Nuovo sgombero per il Rialto, lo spazio occupato che si trova a Portico d’Ottavia, in via Sant’Ambrogio. L’edificio occupato ospita anche la sede romana del Comitato Acqua Pubblica e il Forum ambientalista. “I vigili urbani urbani hanno messo i sigilli a tutto, l’ordine di sgombero è partito dal Campidoglio”, dicono gli attivisti che hanno indetto una conferenza stampa. L’assessore al Bilancio e Patrimonio di Roma Capitale, Andrea Mazzillo in merito allo sgombero ha spiegato che “si tratta di un’attività già programmata da tempo dal dipartimento competente per riacquisire al patrimonio comunale un bene necessario allo svolgimento delle attività istituzionali del Municipio e ridurre quindi i fitti passivi a carico di quest’ultimo. L’amministrazione si è comunque immediatamente attivata – ha assicurato l’assessore – per individuare una collocazione alternativa a favore delle associazioni che operavano all’interno dell’immobile, in considerazione dell’importante attività di interesse pubblico e sociale svolta in particolare sui temi dell’acqua pubblica e dell’ambiente”.
rialto sant'ambrogio
“Domani verrà sottoposta all’approvazione della Giunta Capitolina una memoria che, sostanzialmente, recepisce l’ordine del giorno approvato all’unanimità dall’Assemblea Capitolina lo scorso 9 febbraio.

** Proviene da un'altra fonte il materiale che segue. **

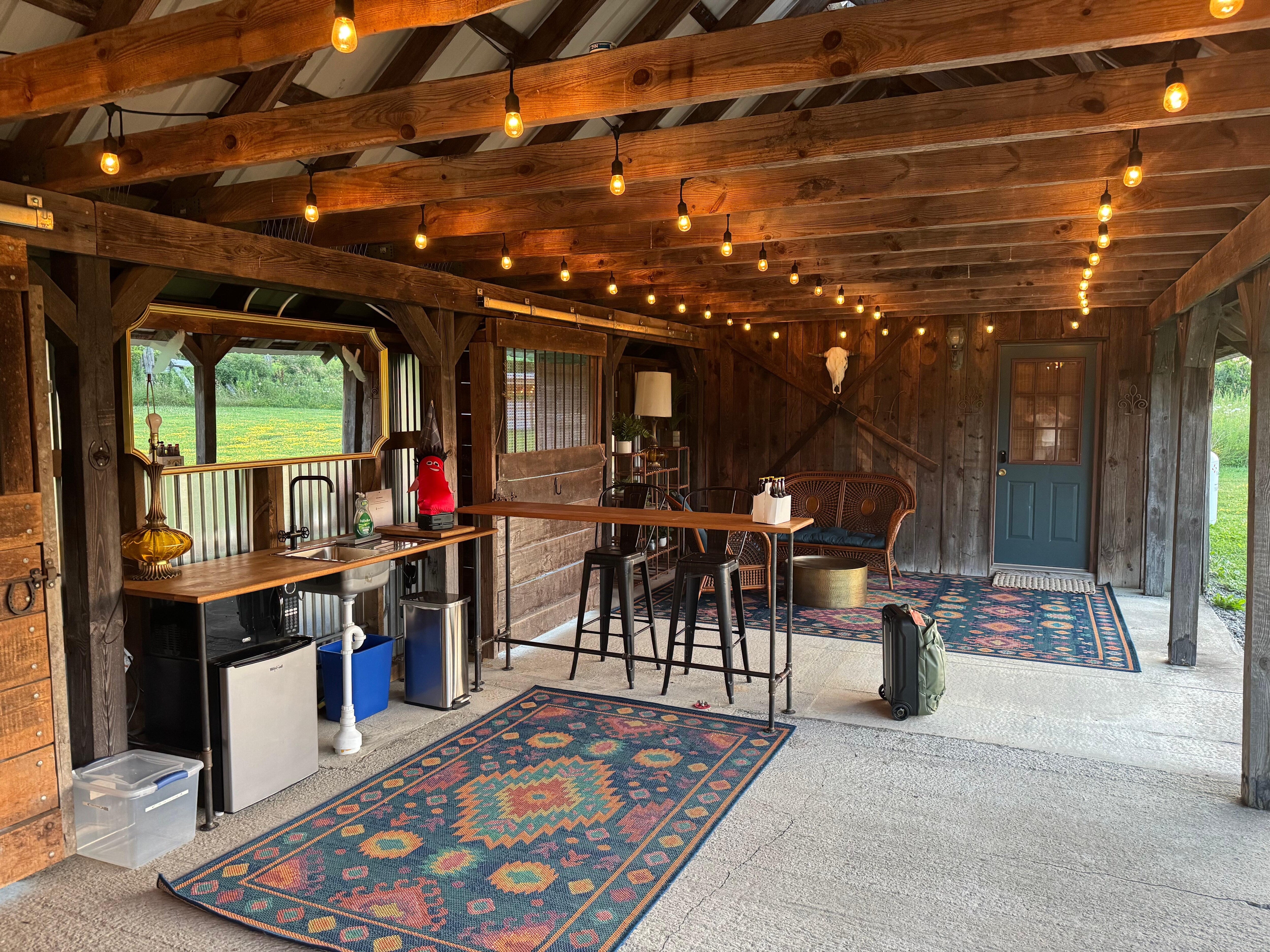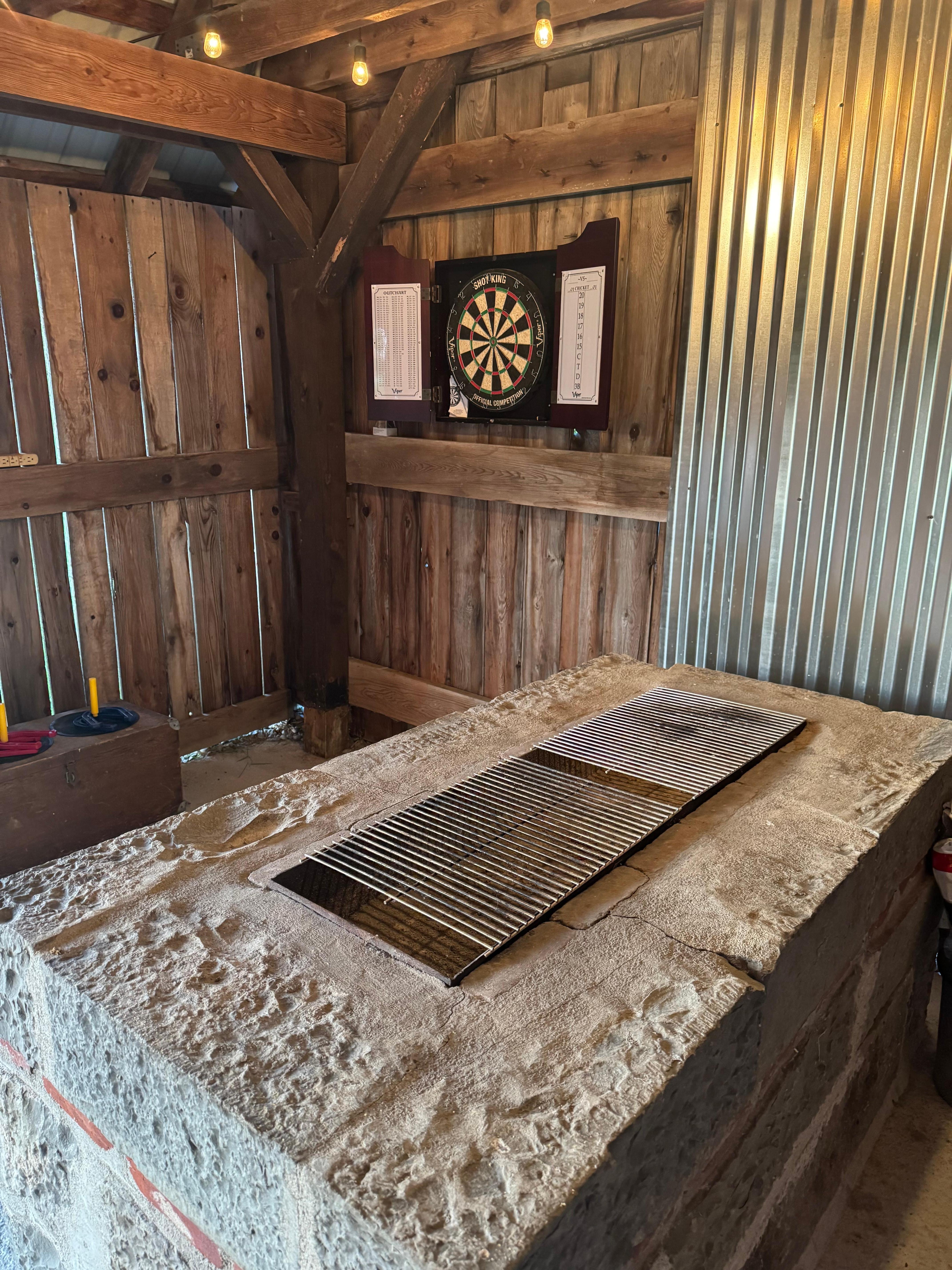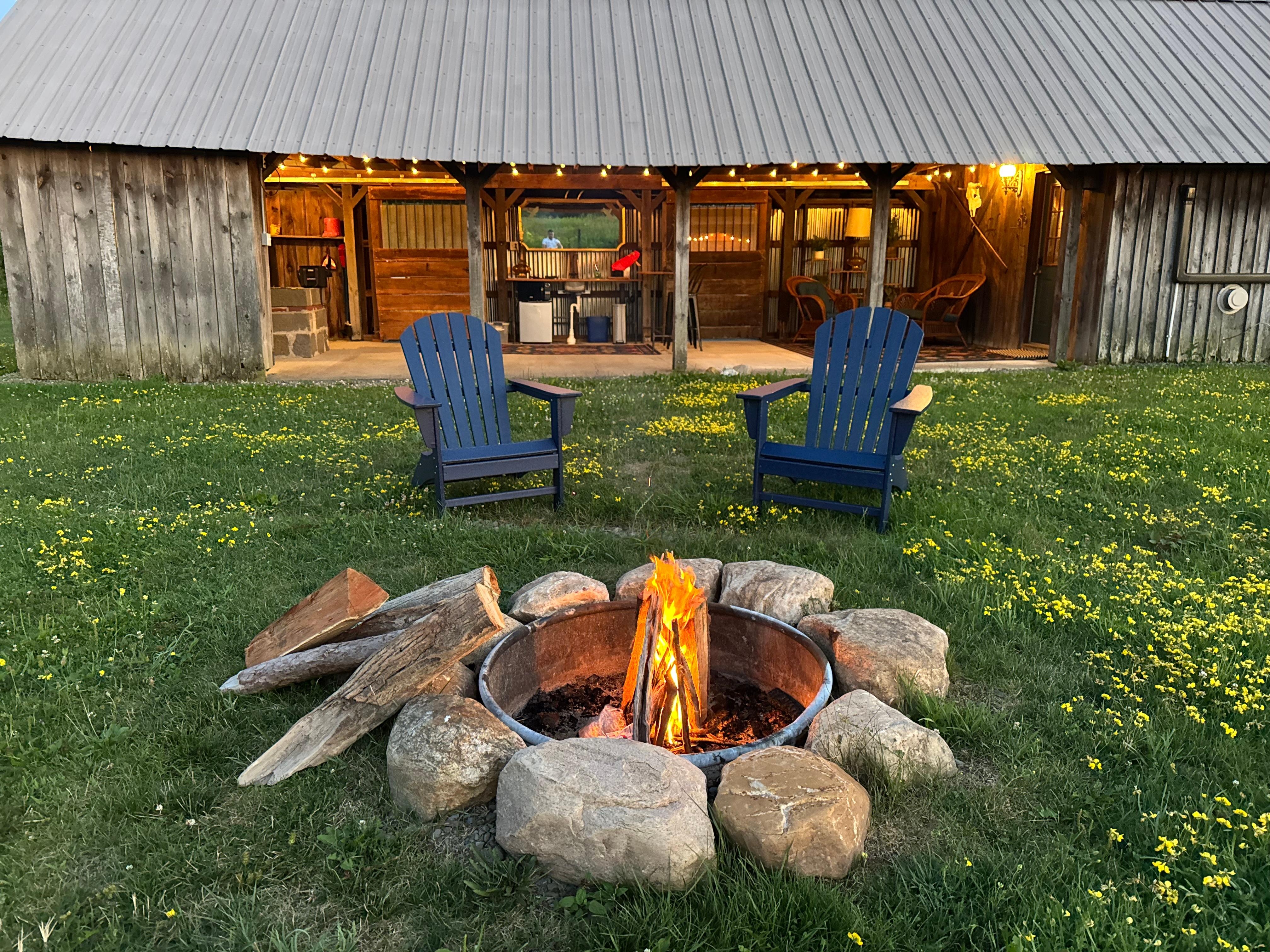 * Outdoor Living Area: Love seat & arm chair facing the open meadow, kitchenette, bbq pit and dart board all covered and protected from weather

Sulla base del provvedimento che verrà approvato, daremo mandato agli uffici di sospendere i provvedimenti di rilascio degli immobili dati in concessione per attività senza fine di lucro, nelle more dell’approvazione del nuovo Regolamento sulle concessioni attualmente in discussione presso la competente commissione Patrimonio di Roma Capitale”, ha poi concluso. Sulla pagina FB Roma Comune c’è un comunicato del Forum Acqua Pubblica:

Nessun contatto ci è stato con l’amministrazione Raggi, nonostante le parole dell’assessore Mazzillo a cui chiediamo un incontro immediato. Sono mesi che insieme il Forum dell’Acqua, insieme alla rete Decide Roma e a decine di associazioni, si è battuto per trovare una soluzione alla vicenda del patrimonio del Comune di Roma e del riordino delle concessioni, chiedendo il riconoscimento del valore sociale delle nostre attività in questi spazi, che – come l’acqua – non possono essere messi a profitto.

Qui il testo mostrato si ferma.